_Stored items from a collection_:

╔══

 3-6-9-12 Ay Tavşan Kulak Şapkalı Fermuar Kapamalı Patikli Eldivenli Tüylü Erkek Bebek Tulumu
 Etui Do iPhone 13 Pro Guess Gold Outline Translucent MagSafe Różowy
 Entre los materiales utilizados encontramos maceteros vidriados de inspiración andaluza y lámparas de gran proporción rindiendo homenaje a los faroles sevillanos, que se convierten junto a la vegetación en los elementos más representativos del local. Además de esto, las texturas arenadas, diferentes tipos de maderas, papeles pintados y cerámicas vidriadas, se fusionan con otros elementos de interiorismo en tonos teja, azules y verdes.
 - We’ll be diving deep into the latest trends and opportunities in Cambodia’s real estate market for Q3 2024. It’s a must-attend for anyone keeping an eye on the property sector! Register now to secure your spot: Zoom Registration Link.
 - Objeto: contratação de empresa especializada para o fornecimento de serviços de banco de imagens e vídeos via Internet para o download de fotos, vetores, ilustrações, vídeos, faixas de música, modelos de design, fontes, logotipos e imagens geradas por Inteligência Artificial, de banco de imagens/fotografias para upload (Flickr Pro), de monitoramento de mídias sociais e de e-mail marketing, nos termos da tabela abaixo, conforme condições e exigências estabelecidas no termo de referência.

╚══
╔══

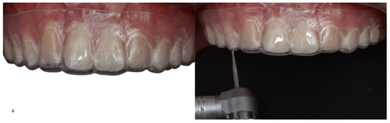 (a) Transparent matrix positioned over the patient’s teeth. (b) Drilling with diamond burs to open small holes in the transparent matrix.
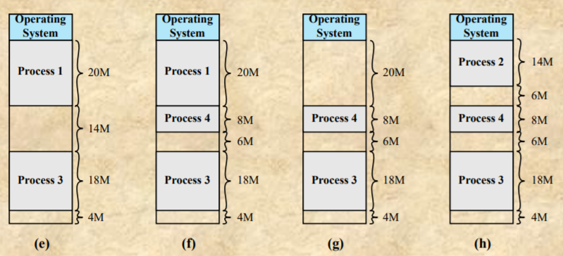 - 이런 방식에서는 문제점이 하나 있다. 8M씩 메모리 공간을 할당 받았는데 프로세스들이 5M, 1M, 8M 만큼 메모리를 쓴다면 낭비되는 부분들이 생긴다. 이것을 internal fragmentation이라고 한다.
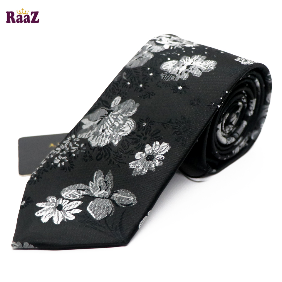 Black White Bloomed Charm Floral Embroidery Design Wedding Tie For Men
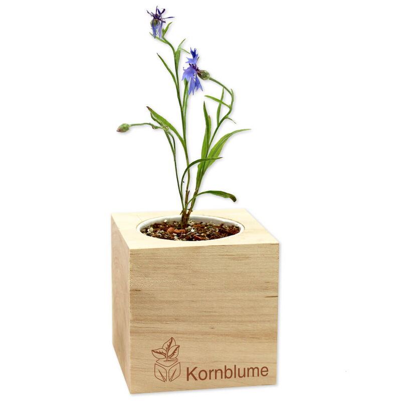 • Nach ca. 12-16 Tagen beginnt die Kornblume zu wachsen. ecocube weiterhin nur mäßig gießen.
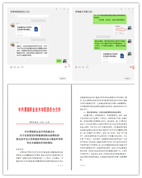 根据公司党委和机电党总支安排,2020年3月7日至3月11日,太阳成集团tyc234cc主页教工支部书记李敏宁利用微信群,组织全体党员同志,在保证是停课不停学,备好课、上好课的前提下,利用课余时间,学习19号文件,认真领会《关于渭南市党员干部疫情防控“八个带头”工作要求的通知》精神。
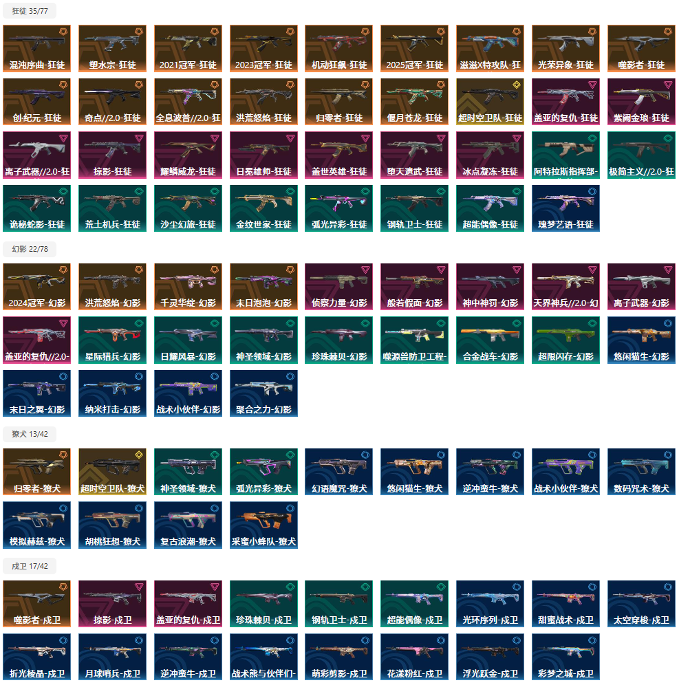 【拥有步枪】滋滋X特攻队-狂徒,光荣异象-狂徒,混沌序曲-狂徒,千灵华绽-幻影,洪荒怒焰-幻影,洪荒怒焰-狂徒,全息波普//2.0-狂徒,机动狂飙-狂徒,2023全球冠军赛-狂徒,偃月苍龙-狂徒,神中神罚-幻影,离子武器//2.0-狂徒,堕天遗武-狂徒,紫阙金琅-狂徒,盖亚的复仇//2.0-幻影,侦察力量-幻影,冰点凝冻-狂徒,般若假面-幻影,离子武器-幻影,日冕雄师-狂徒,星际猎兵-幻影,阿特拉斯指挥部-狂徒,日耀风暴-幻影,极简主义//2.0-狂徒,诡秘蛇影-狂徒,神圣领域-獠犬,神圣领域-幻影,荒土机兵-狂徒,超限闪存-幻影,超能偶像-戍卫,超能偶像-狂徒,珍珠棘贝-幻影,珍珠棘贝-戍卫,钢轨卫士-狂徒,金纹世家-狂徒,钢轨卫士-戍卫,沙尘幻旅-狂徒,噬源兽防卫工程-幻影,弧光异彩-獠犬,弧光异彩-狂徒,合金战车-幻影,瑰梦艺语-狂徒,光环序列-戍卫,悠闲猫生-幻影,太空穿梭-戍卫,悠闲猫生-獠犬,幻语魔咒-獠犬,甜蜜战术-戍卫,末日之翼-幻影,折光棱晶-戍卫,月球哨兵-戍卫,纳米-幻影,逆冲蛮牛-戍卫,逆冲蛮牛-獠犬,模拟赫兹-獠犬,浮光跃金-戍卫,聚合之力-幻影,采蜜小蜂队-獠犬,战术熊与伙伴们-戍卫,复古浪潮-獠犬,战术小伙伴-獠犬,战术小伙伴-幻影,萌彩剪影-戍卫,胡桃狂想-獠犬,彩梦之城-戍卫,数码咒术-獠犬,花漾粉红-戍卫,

╚══

_Your instructions_:
Of all the entries above, repeat only the lines from the line that has "3-6-9-12 Ay Tavşan" to the line that has "- Objeto: contratação", both lines included, exactly.

_Result of this exercise_:
 3-6-9-12 Ay Tavşan Kulak Şapkalı Fermuar Kapamalı Patikli Eldivenli Tüylü Erkek Bebek Tulumu
 Etui Do iPhone 13 Pro Guess Gold Outline Translucent MagSafe Różowy
 Entre los materiales utilizados encontramos maceteros vidriados de inspiración andaluza y lámparas de gran proporción rindiendo homenaje a los faroles sevillanos, que se convierten junto a la vegetación en los elementos más representativos del local. Además de esto, las texturas arenadas, diferentes tipos de maderas, papeles pintados y cerámicas vidriadas, se fusionan con otros elementos de interiorismo en tonos teja, azules y verdes.
 - We’ll be diving deep into the latest trends and opportunities in Cambodia’s real estate market for Q3 2024. It’s a must-attend for anyone keeping an eye on the property sector! Register now to secure your spot: Zoom Registration Link.
 - Objeto: contratação de empresa especializada para o fornecimento de serviços de banco de imagens e vídeos via Internet para o download de fotos, vetores, ilustrações, vídeos, faixas de música, modelos de design, fontes, logotipos e imagens geradas por Inteligência Artificial, de banco de imagens/fotografias para upload (Flickr Pro), de monitoramento de mídias sociais e de e-mail marketing, nos termos da tabela abaixo, conforme condições e exigências estabelecidas no termo de referência.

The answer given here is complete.